A quick, colorful stir fry that brings together tender chicken, crisp vegetables, and a sweet-savory sauce. It comes together fast—perfect for a weeknight meal that tastes like you put in way more effort than you did.
1 lb boneless, skinless chicken breast, cut into 1-inch cubes
Salt and pepper, to taste
2 tbsp olive oil, divided
2 cups broccoli florets
1/2 yellow bell pepper, cut into 1-inch pieces
1/2 red bell pepper, cut into 1-inch pieces
1/2 cup baby carrots, sliced
2 tsp minced ginger
2 garlic cloves, minced
Stir Fry Sauce
1 tbsp corn starch
2 tbsp cold water
1/4 cup low sodium chicken broth
3 tbsp low sodium soy sauce
1/4 cup honey
1 tbsp toasted sesame oil
1/2 tsp crushed red pepper flakes
Instructions
Make the Sauce
In a medium bowl, whisk the corn starch with the cold water until smooth.
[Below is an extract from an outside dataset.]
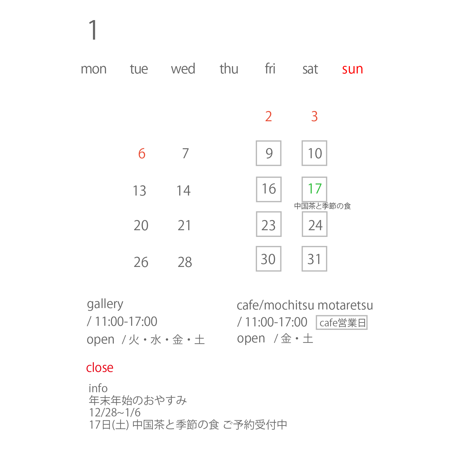 1月のcafe/gallery

Add the chicken broth, soy sauce, honey, toasted sesame oil, and red pepper flakes. Whisk again and set aside.
Cook the Chicken
Warm 1 tablespoon of olive oil in a large skillet or wok over medium-high heat.
Add the chicken (working in batches if the pan is crowded). Season with salt and pepper. Cook for 3–5 minutes, or until the chicken is fully cooked. Transfer the chicken to a plate.
Cook the Vegetables
Lower the heat to medium and pour the remaining tablespoon of oil into the skillet.
Add the broccoli, bell peppers, and carrots. Cook, stirring now and then, until the vegetables are crisp-tender.
Stir in the ginger and garlic and cook for one more minute.
Combine Everything
Return the cooked chicken to the pan and mix it in with the vegetables.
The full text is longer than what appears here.